For years I put off studying Dr. Ken Gentry and the view that all the talk of the 70a.d. being so important. A few years ago I read his arguements and then went to a conference and now I am totally on board. I realize that not everyone agree with Dr. Gentry. 

If you do not believe that Christ was speaking of the current generation when he said that some of the disciples would still be alive when He returned, how do you explain the long delay.


----------



## CNJ (May 26, 2009)

Dr. Gentry's newest book is the third edition of He Shall Have Dominion. Currently I am leaning to that early date of Revelation and Parial Preterism/Postmil. 

See Millennial Dreams


----------



## Peairtach (May 26, 2009)

Marcelllus Kik's "Eschatology of Victory" is VG on this. He takes the position that Matthew 24:36 starts on the subject of the Visible Second Advent at the end of the world. Does Gentry hold to this or is he even more radicallly preterist?


----------



## Spinningplates2 (May 26, 2009)

Here is a great great link to a short book called The Destruction of Jerusalem by George Peter Holford. Thanks to Todd Pedler who gave me the name of the book to look up. The Destruction of Jerusalem - George Peter Holford, 1805AD

-----Added 5/26/2009 at 06:19:11 EST-----



Richard Tallach said:


> Marcelllus Kik's "Eschatology of Victory" is VG on this. He takes the position that Matthew 24:36 starts on the subject of the Visible Second Advent at the end of the world. Does Gentry hold to this or is he even more radicallly preterist?

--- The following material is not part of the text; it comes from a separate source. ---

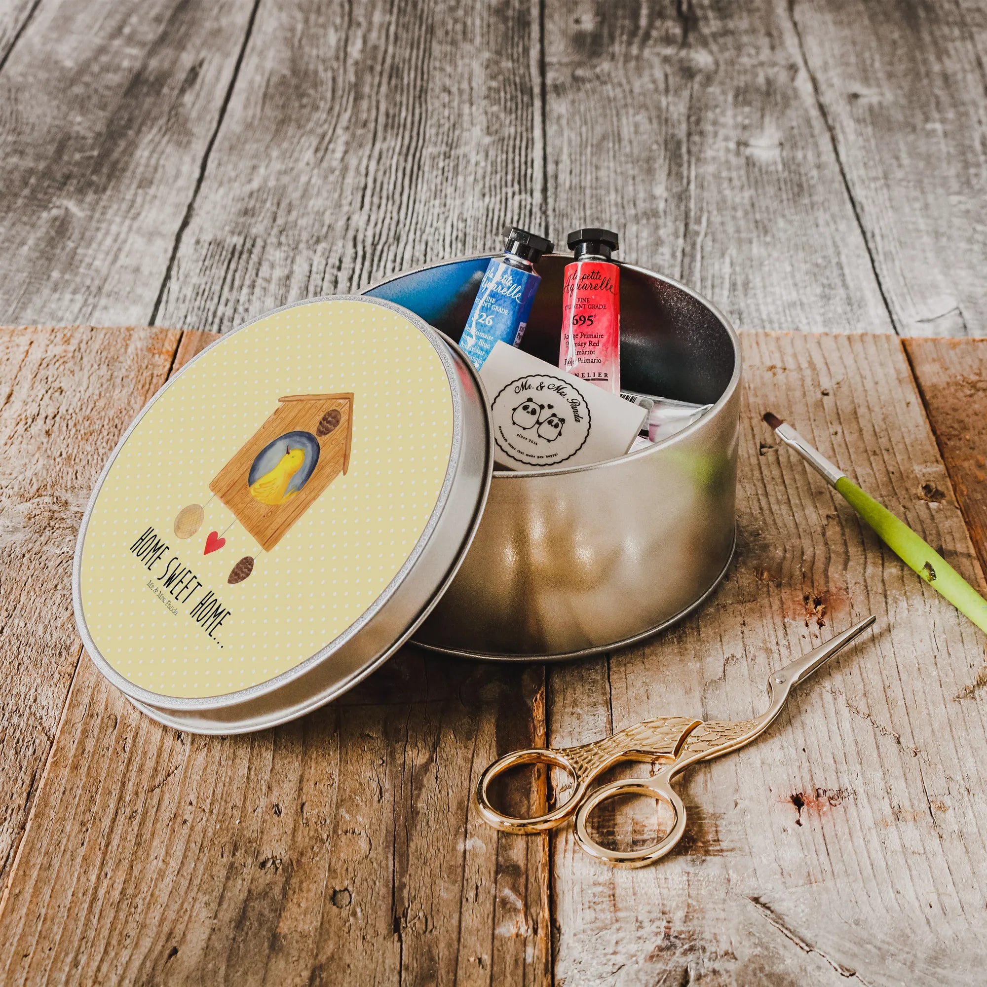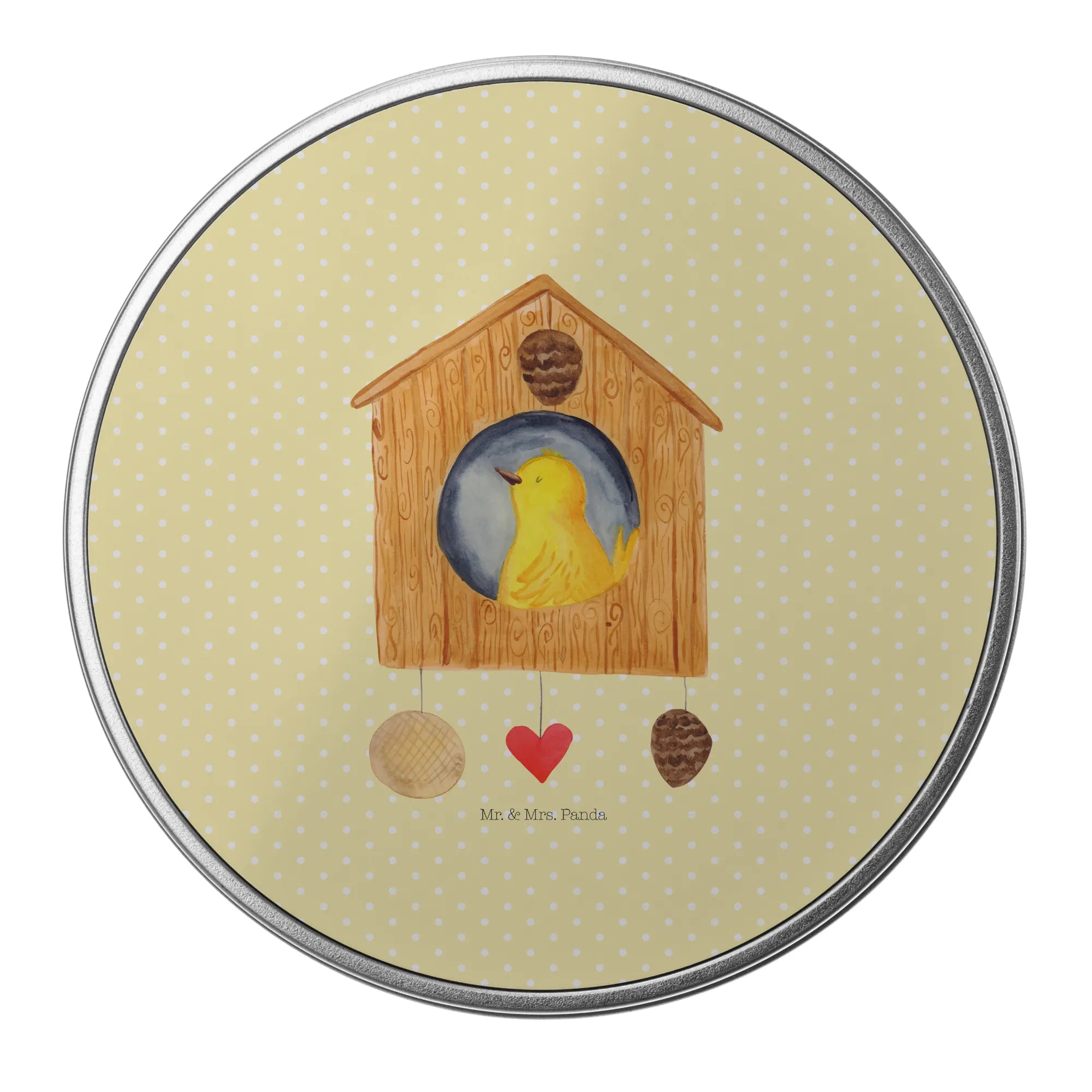 okrągła puszka z blachy ptasi domek Strona główna - z napisem

I have never been able to finish Kik's, "Escatology of Victory" even though I tried at least five times it seemed to dry for me. I know that Dr. Gentry is not a full preterist because every PCA session (rightly) considers that position to be in error. I am unaware that the cut off for being a radical is Matt. 24:35. I always thought the radicals were the people who said EVERY prophesy was fulfilled, like Don Preston.


----------



## Peairtach (May 27, 2009)

*Quote from Spinningplates 2*
_I am unaware that the cut off for being a radical is Matt. 24:35. I always thought the radicals were the people who said EVERY prophesy was fulfilled, like Don Preston._

Thanks for that. I just meant more radical than Kik. I know Gentry is orthodox, even so I sometimes think even the orthodox preterists take things too far. In ''Four Views on Revelation" Gentry takes Babylon to be Jerusalem and puts everything up to Revelation 19 in the first century.

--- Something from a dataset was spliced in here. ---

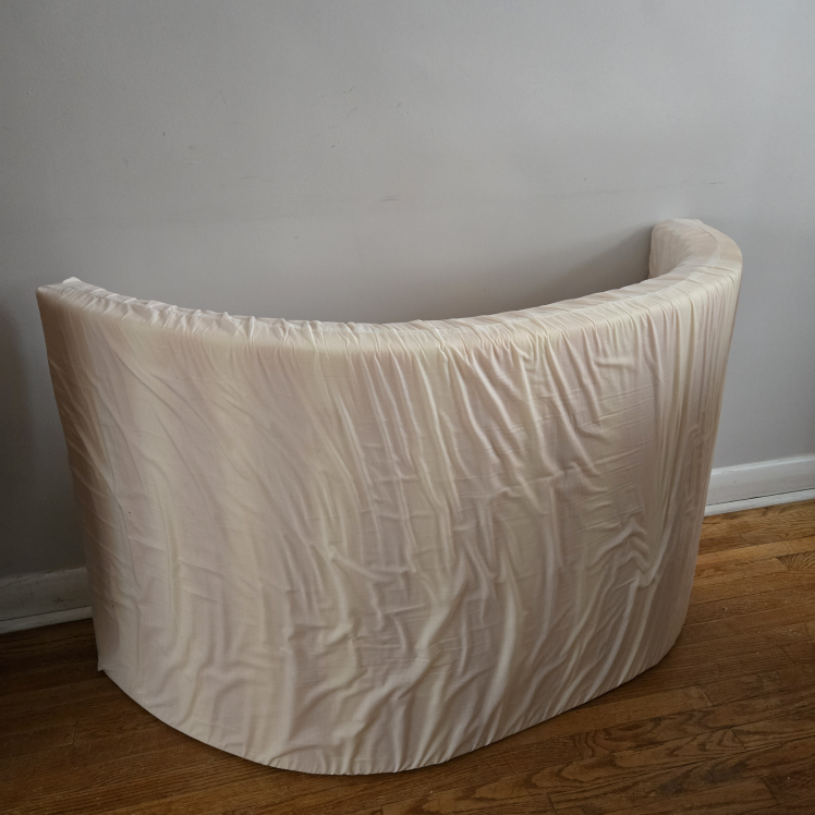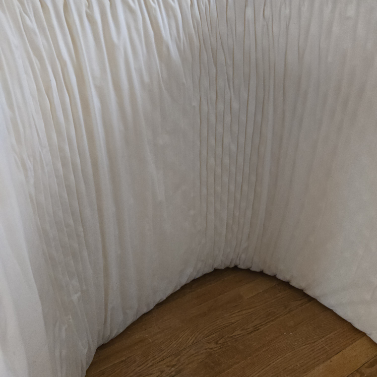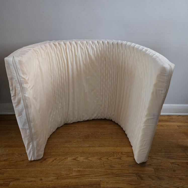 The mattress was rarely used & is rolled up & stored (see photos) but will lay flat again once it is used on the floor or bedframe.
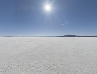 This stock photo showcases the beautiful natural environment of Utah. In this image, someone walks across an open desert plain with soft sands, surrounded by breathtaking mountain views. The sun is shining brightly, casting a warm and inviting light over the landscape. The clear blue sky and calm sea of clouds create a serene and peaceful atmosphere. In the distance, you can see the stunning horizon and the visible sun adding a touch of emotion to the scene. The dry and sunny weather, along with the salt surface of the nearby salt lake, contribute to the unique charm of this Utah desert landscape.

Did Christ through the agencies of the Church, the Word, His Providence and by His Spirit defeat _all_ His enemies in the first century? Certainly not. 

I believe that preterists Gentry and Bahnsen have good insights but that they should be tempered by a more historicist, less radically preterist approach exemplified by James Madison MacDonald (recommended by Charles Hodge) and by Patrick Fairbairn among others.


----------